Deadly Premonition is one of the most brilliant and divisive games of the last 10 years, but how many potential fans will never pick it up if they see the 68 Metascore at the checkout?

At best, a score should accurately reflect the text and it should adhere to a scale that is consistent across the site or magazine. That doesn't always happen, because it's a fallible human system, not a machine. A score is a clumsy but handy way of illustrating how a particular game succeeds or fails on its own terms, as perceived by the writer, and how it stacks up against its immediate peers. The idea that there should be some wider coherence, that every game ever made can be ranked in order of quality simply by crunching numbers, is nonsensical.

The idea that there should be some wider coherence, that every game ever made can be ranked in order of quality simply by crunching numbers, is nonsensical.

It's here that gaming proves especially susceptible to the false comfort offered by a Metascore. Metacritic doesn't just cover gaming, but film, music, TV - these are media that feel mercurial, alchemical. However they're delivered to us, we can see and hear the human hand in their construction. They spring from a creative place that we accept is impossible to truly pin down.
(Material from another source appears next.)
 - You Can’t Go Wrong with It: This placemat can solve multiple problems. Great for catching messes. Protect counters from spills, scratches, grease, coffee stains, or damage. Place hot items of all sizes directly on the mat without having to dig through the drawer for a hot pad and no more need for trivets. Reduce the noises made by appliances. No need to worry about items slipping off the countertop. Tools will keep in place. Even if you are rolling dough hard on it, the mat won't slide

Metacritic ratings also appear on the Internet Movie Database, but nobody in the film industry really seems to care. Studios are not closed, actors do not have their pay docked, if a certain arbitrary Metascore is not reached. Film has been around for too long, its cultural roots are too deep, for Metacritic to have any real impact. There are still arguments and differences of opinion, of course, but they tend not to be about whether a four-star movie review read like three stars, or whether gruelling documentary The Act of Killing is as good as Disney's Frozen because they both have the same score. Scores for movies are rightly treated as a sideshow, a not entirely accurate thermometer, rather than the main topic of conversation.
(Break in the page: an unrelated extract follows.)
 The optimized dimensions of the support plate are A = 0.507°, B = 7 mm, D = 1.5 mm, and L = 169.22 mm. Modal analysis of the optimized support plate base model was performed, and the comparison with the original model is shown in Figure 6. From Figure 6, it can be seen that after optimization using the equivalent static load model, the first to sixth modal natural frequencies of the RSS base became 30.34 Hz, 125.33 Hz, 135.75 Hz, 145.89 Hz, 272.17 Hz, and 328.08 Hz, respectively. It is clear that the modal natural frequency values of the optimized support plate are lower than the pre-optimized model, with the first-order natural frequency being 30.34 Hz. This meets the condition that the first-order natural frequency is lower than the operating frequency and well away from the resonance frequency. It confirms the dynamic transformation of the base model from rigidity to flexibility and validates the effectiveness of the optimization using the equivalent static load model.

Relatively young as a medium and with the neatly ordered rankings of high-score tables and player statistics woven into their electronic DNA, games are much more vulnerable to the pernicious comforting lie of the Metascore.

It's no surprise that gamers flock to Metacritic for reassurance when handing over their money, seeking the solid confidence of a single "true" score, and in this age of metrics, analytics and data-driven decision making you can hardly blame publishers for using Metacritic's pseudoscience as a guide rail for performance. Like all successful ideas, it's incredibly convenient. It's also incredibly flawed.

Developers at Obsidian famously lost out on pay bonuses because Fallout: New Vegas missed an 85 Metascore by just one point.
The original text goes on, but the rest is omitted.